Jim Redden, Contributing Editor
A rig makes hole pre-bankruptcy on Chesapeake’s Brazos Valley asset. Image: Chesapeake Energy Corp
A rig makes hole pre-bankruptcy on Chesapeake’s Brazos Valley asset. Image: Chesapeake Energy Corp

Boasting that you have ample running room has taken on an entirely new meaning across South Texas nowadays. 

With drilling sites in single digits and tons of pressure pumping horsepower put out to pasture, maintaining social distancing is little problem across the estimated 20,000-mi2 aerial reach of the Eagle Ford and overlying Austin Chalk unconventional play. As a result, operators this month are forecast to produce some 263,000 bopd less than they did in February, when the full brunt of bloated stockpiles and the demand-devouring coronavirus began to take hold, hurling prices into the nether regions.

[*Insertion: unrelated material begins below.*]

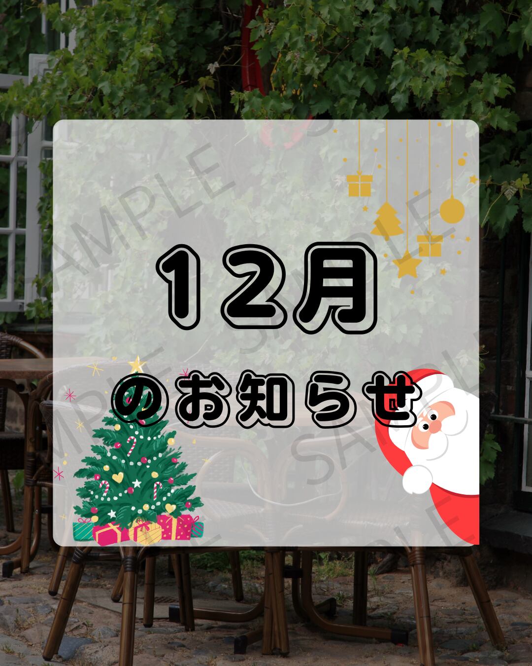 【Instagram投稿用】カフェが背景のお知らせ画像(12月)

The benchmark West Texas Intermediate (WTI) price crawled up to around $40/bbl by mid-July, but operators appear in no hurry to put more crude on the market, even with completed well costs, in some cases, coming in below $5 million/well.

The Eagle Ford is expected to produce 1.106 MMbopd in August, down from the 1.369 MMbopd put to sales in February (Fig. 1), according to the U.S. Energy Information Administration (EIA). February-to-August gas production is estimated to drop 771 MMcfd, to 67,107 MMcfd from 67,878 MMcfd.

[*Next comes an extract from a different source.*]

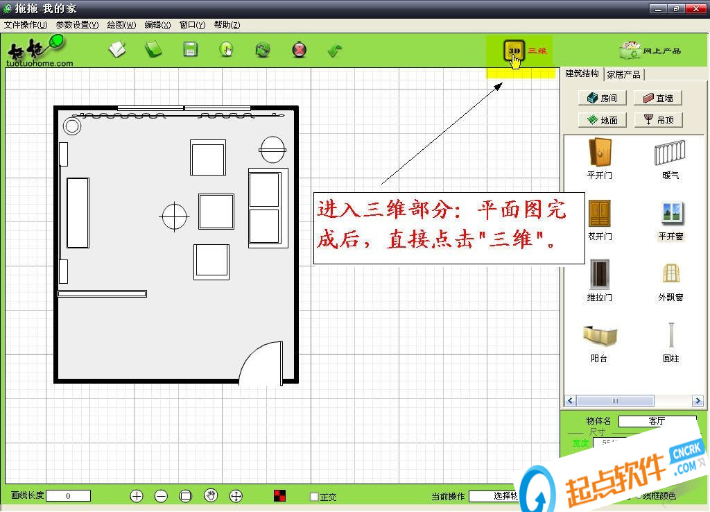 運行軟件后,點擊“從零開始”。用房間的功能繪制戶型。

Not surprisingly, drilling activity went south precipitously, sinking from 70 active rigs on Feb. 7 to a low of nine rigs during the week of July 10 (Fig. 2), according to Baker Hughes. The rig count inched up to 12 rigs by July 31.

Fig. 1. July-to-August oil and gas production from the Eagle Ford region is expected to decline by 23,000 bpd and 85 MMcfd, respectively. Source: US Energy Information Administration (EIA)
Fig. 1. July-to-August oil and gas production from the Eagle Ford region is expected to decline by 23,000 bpd and 85 MMcfd, respectively. Source: US Energy Information Administration (EIA)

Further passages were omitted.